A pioneer on the digital frontier :: content creator and social media strategy consultant.
Catherine Clinch began her industry career at the age of 24 as a signed client at the William Morris Agency, writing for hit television series. Of 18 produced credits, the network green-lit her first drafts nine times. Her produced credits include HUNTER, JAKE & THE FATMAN, KNIGHT RIDER, LOVE BOAT, HART TO HART, FOUL PLAY, TRUE CONFESSIONS, SEARCH FOR TOMORROW and, most recently, RESCUE BOTS. After her first son was injured at birth and left with multiple disabilities, she became a stay at home mom (SAHM), had two more sons and then pivoted from screenwriting into writing about the craft and business of screenwriting for CREATIVE SCREENWRITING, a fledgling magazine that was being published out of someone’s kitchen in Van Nuys. Writing about her industry forced her to examine it at a granular level that exposed the ugly truth – it was hard to find women and minority screenwriters who were being produced on a level that made them “story-worthy.” As she rose in the ranks to Associate Publisher (the only girl among the six top positions) The Los Angeles Times dubbed CREATIVE SCREENWRITING as “the best magazine in its niche.”
Working on flex time during the school hours, Catherine would shift back into the mom biz role at 3pm. Gradually, she realized that there was an acceptable level of discrimination against special education students. She was horrified to discover that sometimes “the short bus bully” was a teacher or school administrator that didn’t want to deal with “those kids.” She attended and spoke at school board meetings to shed light on the problem and the school district appointed Catherine to a series of positions including Commissioner of Special Education, the California State Community Advisory Board on Special Education and the Communications Committee of the Chanda Smith Consent Decree, a class action suit that dramatically improved special education in Los Angeles and, subsequently, across the country.
As her sons grew more independent, Catherine pivoted again – this time, into technology. Her entre as a “reporter” of tech news for screenwriters quickly shifted perspective. She saw the opportunity to take all of these tech tools and use them to transform the way stories were told on screen. She quickly noticed that most of the time the only other women at these conferences were “the booth babes” or the sales reps. It didn’t take long for her to also realize that nobody else from the creative side of the entertainment industry ever showed up at these conferences. So, she started making notes on what the next forms of entertainment would look like. When it all made sense on paper, she found the right patent attorney and got to work on a story delivery system and method of mobile entertainment. She has been awarded a full US Patent on the initial design, with two completion patents.

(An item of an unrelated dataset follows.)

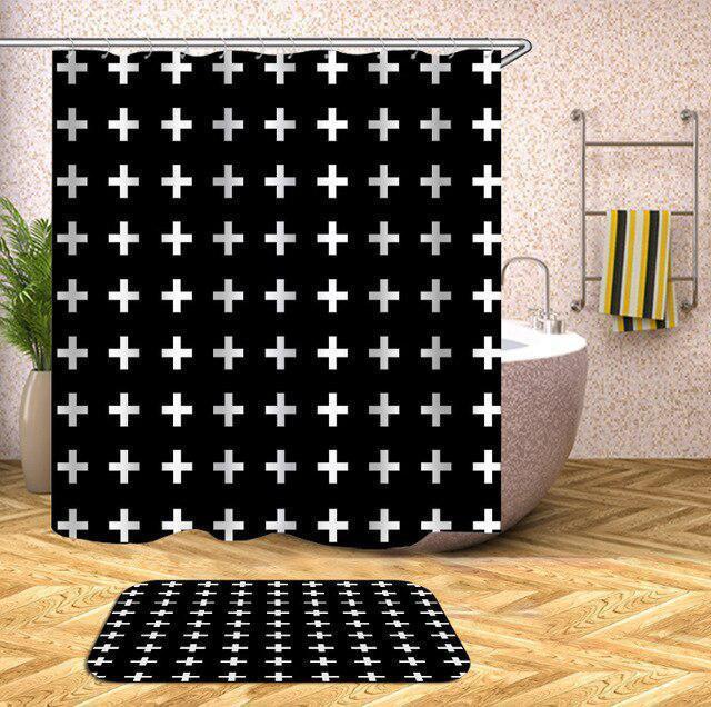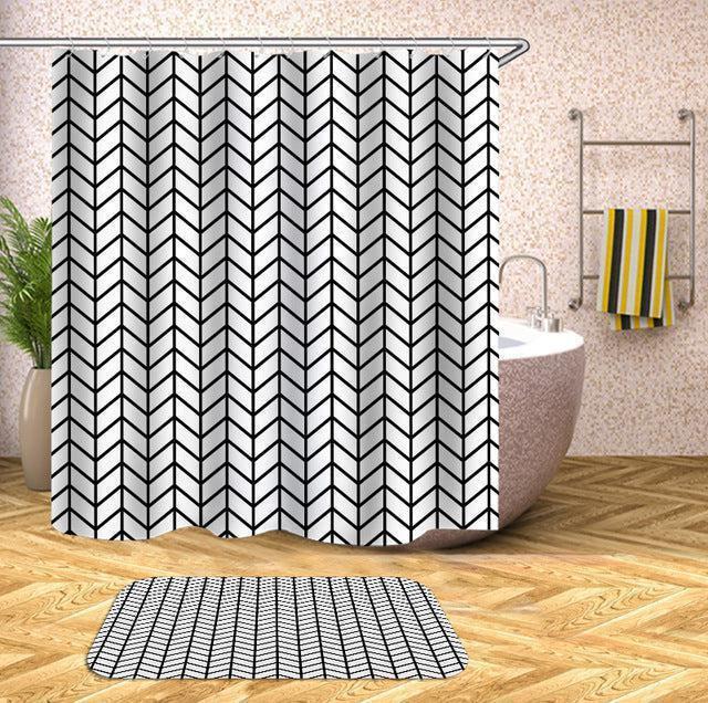 Chic Geometric Bathroom Shower Curtain Set with Stylish Hooks

In her spare time, Catherine stumbled into a hackathon and thought it looked like a fun way to spend the occasional weekend. Again, the male / female / minority ratio was appalling. Within two years, Catherine had won prizes at five hackathons, including the top prize at the AT&T regional hack two years in a row. Still, she was dismayed by the realization that once the event is over there is no follow up on the winning ideas because everybody’s attention shifts to the next hackathon.
Ultimately, Catherine is devoted to furthering the role of women and the disabled in both community and industry. She has recently immersed herself in the element of messaging as a success factor in social media and social marketing. She created, designed the curriculum and teaches a certificate program (for working professionals) in Social Media Strategy & Content Creation at California State University Dominguez Hills. She currently consults with companies that need to refine their corporate message in order to spread it across the social platforms more effectively.